Input data below:

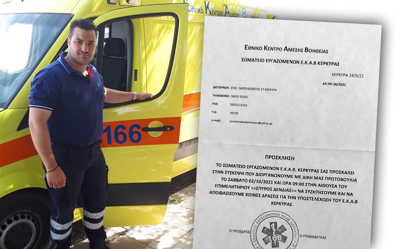 “Να συζητήσουμε και να αποφασίσουμε για κοινές δράσεις για την υποστελέχωση του ΕΚΑΒ Κέρκυρας”, αναφέρουν στην πρόσκλησή τους, με “ραντεβού” στις 9 το πρωί του Σαββάτου 2 Οκτωβρίου, όπως αναφέρεται στην ανακοίνωση.
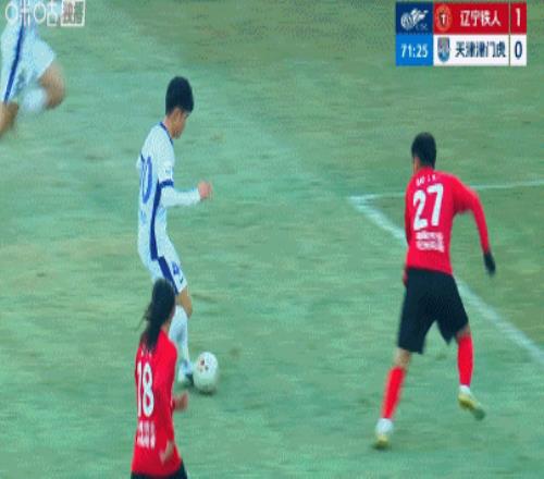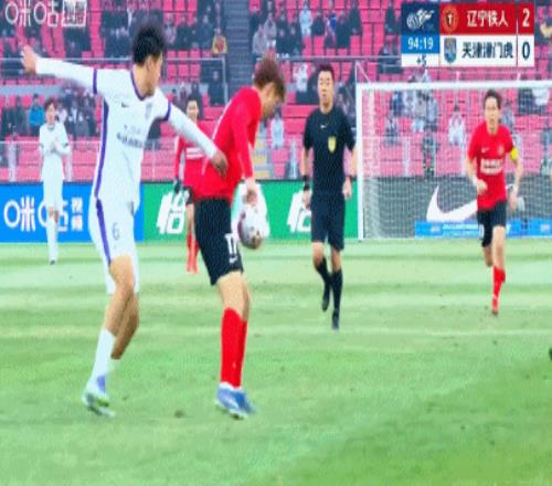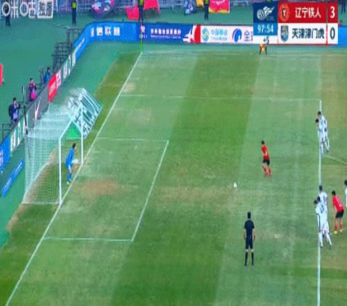 第90+8分鐘,王獻鈞拉拽田玉達吃到紅點套餐,邦本宜裕勺子點球破門,遼寧鐵人3-0!
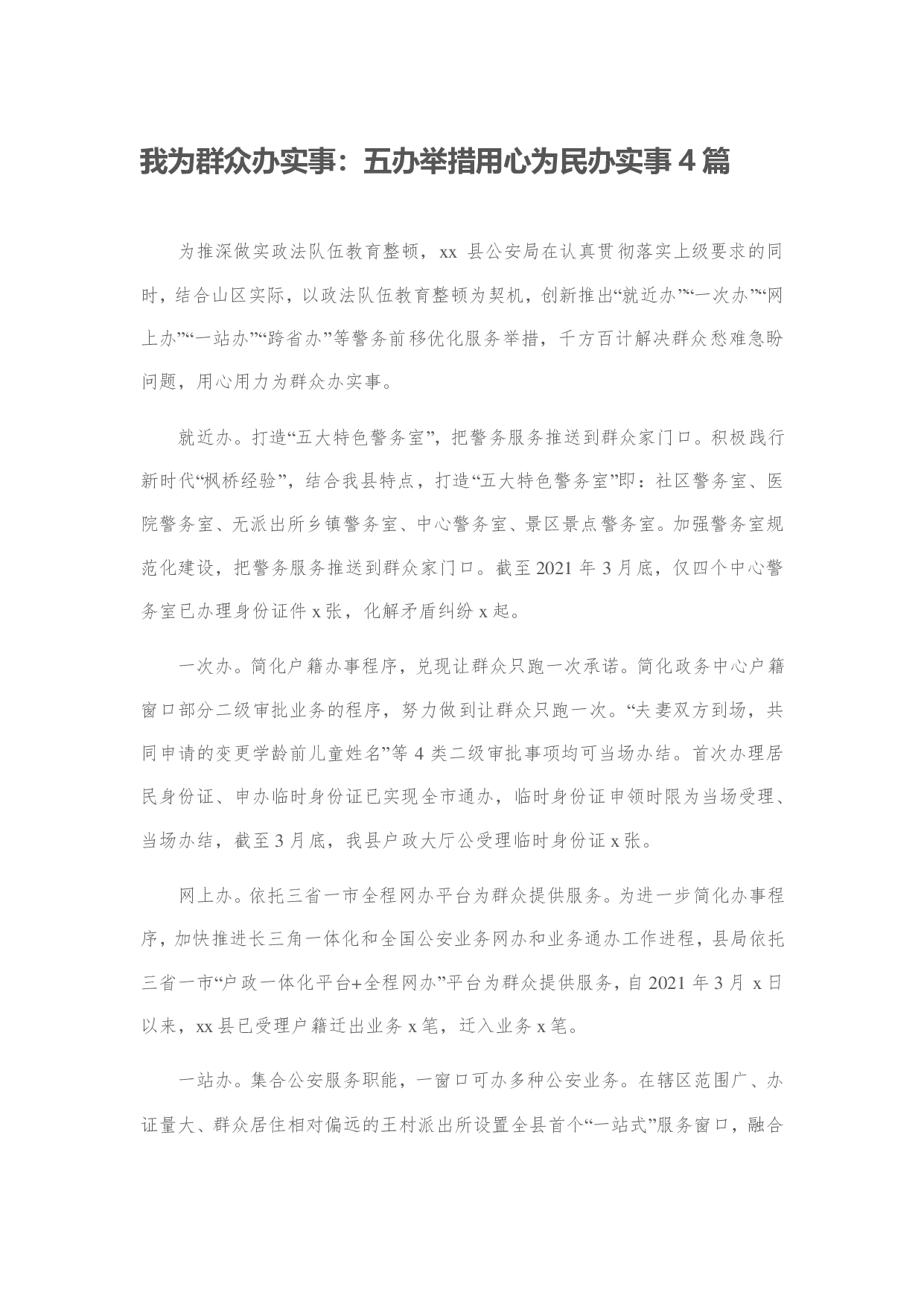 标题:我为群众办实事:五办举措用心为民办实事4篇

End of Input data.

Work to be completed -
Where the material contains pictures, leave them out and copy the rest verbatim.

Response below -
 “Να συζητήσουμε και να αποφασίσουμε για κοινές δράσεις για την υποστελέχωση του ΕΚΑΒ Κέρκυρας”, αναφέρουν στην πρόσκλησή τους, με “ραντεβού” στις 9 το πρωί του Σαββάτου 2 Οκτωβρίου, όπως αναφέρεται στην ανακοίνωση.
 第90+8分鐘,王獻鈞拉拽田玉達吃到紅點套餐,邦本宜裕勺子點球破門,遼寧鐵人3-0!
 标题:我为群众办实事:五办举措用心为民办实事4篇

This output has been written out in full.